From 1979 through 2012, 77 original pre-market approval (PMA) applications -- which required the manufacturers to provide clinical data on the safety and effectiveness of the devices -- were cleared by the FDA, according to Aaron Kesselheim, MD, JD, MPH, of Brigham and Women's Hospital in Boston, and colleagues.

During that same time, however, those original PMAs were subject to 5,829 approved supplement applications, which covered everything from relatively minor changes to labeling, materials, or packaging to substantial design changes, often without the need for additional clinical data, they reported in the Jan. 22/29 issue of the Journal of the American Medical Association.

"It behooves physicians and patients when they're considering a device to understand not only that the device has been FDA approved but to understand the process through which the device was FDA approved and any data that exist about the device," Kesselheim said in an interview.
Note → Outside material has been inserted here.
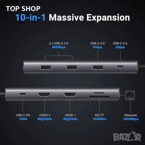 Нов UGREEN Revodok Pro USB C Hub: 10-в-1 Станция, HDMI 4K&8K

The FDA uses the PMA process to evaluate new high-risk medical devices, which include pacemakers, implantable cardioverter-defibrillators (ICDs), and cardiac resynchronization therapy (CRT) devices. But changes to previously approved devices can be introduced using the supplements.

"The benefits [of the supplement pathway] are the more rapid approval and clinical use of new technology," commented Michael Rinaldi, MD, director of clinical research at Carolinas HealthCare System's Sanger Heart & Vascular Institute in Charlotte, N.C., who was not involved in the study. "Requiring a large randomized trial for every proposed iterative device improvement would slow and potentially stop needed improvements in technology."
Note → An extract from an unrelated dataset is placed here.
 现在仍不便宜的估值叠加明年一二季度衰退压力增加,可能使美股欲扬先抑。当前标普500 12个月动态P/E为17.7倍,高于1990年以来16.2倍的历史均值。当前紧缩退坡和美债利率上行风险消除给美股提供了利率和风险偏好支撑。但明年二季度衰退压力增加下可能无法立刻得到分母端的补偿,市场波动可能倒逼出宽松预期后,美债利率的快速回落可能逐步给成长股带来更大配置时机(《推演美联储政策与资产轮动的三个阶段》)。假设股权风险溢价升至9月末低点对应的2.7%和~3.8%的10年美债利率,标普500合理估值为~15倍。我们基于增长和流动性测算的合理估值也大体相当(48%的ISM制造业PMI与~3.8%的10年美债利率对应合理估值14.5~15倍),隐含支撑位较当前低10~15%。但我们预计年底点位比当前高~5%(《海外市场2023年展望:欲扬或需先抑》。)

But it also means that many of the devices clinicians are implanting into patients currently -- which may be substantially different from the device included in the original PMA after numerous small changes -- have not been subject to rigorous clinical testing.

Kesselheim and colleagues noted that the Medtronic Sprint Fidelis and St. Jude Medical Riata ICD leads -- which were recalled in 2007 and 2011, respectively -- were both approved through the supplemental process and were never tested in clinical studies before entering the market.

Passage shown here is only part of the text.